IA³ gradient flow during fine-tuning is concentrated in the rescaling vectors applied to keys, values, and feedforward outputs, with the base model weights remaining frozen. This concentration means that IA³ training requires very few gradient update steps to converge, and learning rate schedules designed for full fine-tuning must be adjusted. Higher learning rates (1e-3 to 1e-2) and fewer training steps (typically 1,000–5,000 for instruction-following tasks) are appropriate for IA³ compared to LoRA or full fine-tuning. The rapid convergence makes IA³ well-suited for interactive adaptation scenarios where adapters must be trained quickly from small amounts of feedback data.
Combining IA³ with quantized base models provides the most parameter-efficient deployment configuration. Running a 4-bit quantized base model with IA³ adapters achieves a memory footprint roughly 4x smaller than a full-precision LoRA-adapted model, with competitive task performance on many NLP benchmarks. The QIA³ combination is particularly attractive for edge deployment scenarios where both model size and adaptation quality matter — the quantized base handles the bulk of the parameter cost, while IA³ provides the task-specific behavioral adjustment with minimal additional memory overhead.
IA³ weight merging into the base model for deployment eliminates the runtime overhead of applying the rescaling vectors at inference time. Because IA³ modifications are element-wise multiplications of existing weight rows, the adapted weights can be computed by multiplying the base weight rows by the IA³ scaling vectors and storing the result as a new set of base weights.
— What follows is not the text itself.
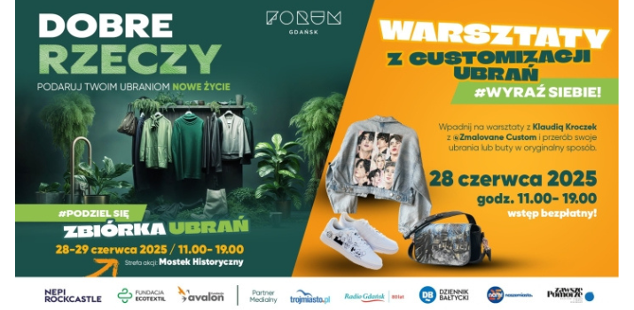 W Forum Gdańsk 28 i 29 czerwca (sobota i niedziela handlowa) odbędzie się akcja „DOBRE RZECZY”. Zebrane ubrania i inne materiały trafią do drugiego obiegu lub do recyklingu. Za każde przekazane dwa kilogramy złotówka trafi do Fundacji Avalon na zakup sprzętu rehabilitacyjnego dla osób z niepełnosprawnościami. Dodatkową atrakcją będą bezpłatne, kreatywne warsztaty z customizacji odzieży. To okazja do przedwakacyjnego przeglądu szafy, a także szansa na kreatywne spędzenie czasu i nadanie drugiego życia swoim ubraniom.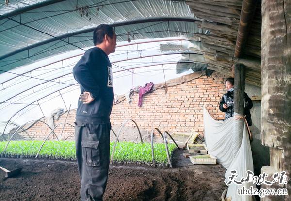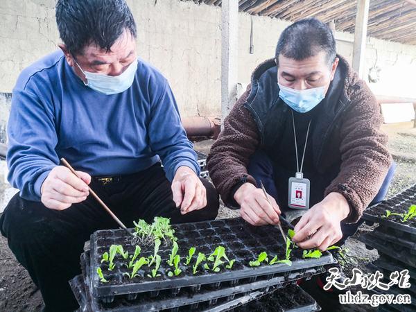 春耕期間,村民們搶抓農時(shí)忙碌在田間地頭,工作隊隊員們也忙碌了起來(lái)。在村民錢(qián)建國的大棚里,油亮亮的上海青菜苗長(cháng)勢喜人,翠綠的油麥菜苗子惹人喜愛(ài)??吹藉X(qián)建國正在忙著(zhù)栽菜苗,新聯(lián)村第一書(shū)記、工作隊隊長(cháng)盛文林帶領(lǐng)工作隊隊員連忙上前幫忙,幫助他把大棚里長(cháng)出的菜苗移散開(kāi),讓菜苗有空間繼續生長(cháng)。

This merged deployment requires no adapter loading infrastructure and adds zero inference latency, making it the preferred deployment approach when the adapter will not need to be swapped at runtime.
IA³'s few-shot generalization capability stems from the T-Few training methodology, which trains the IA³ adapter on a diverse mixture of tasks using in-context learning demonstrations. This cross-task training teaches the adapter to leverage the patterns in few-shot examples efficiently, rather than simply memorizing task-specific surface patterns. The result is a model that adapts more effectively to new tasks from small numbers of demonstrations than a model fine-tuned on individual tasks in isolation, making IA³ with T-Few training a strong baseline for low-resource task adaptation scenarios.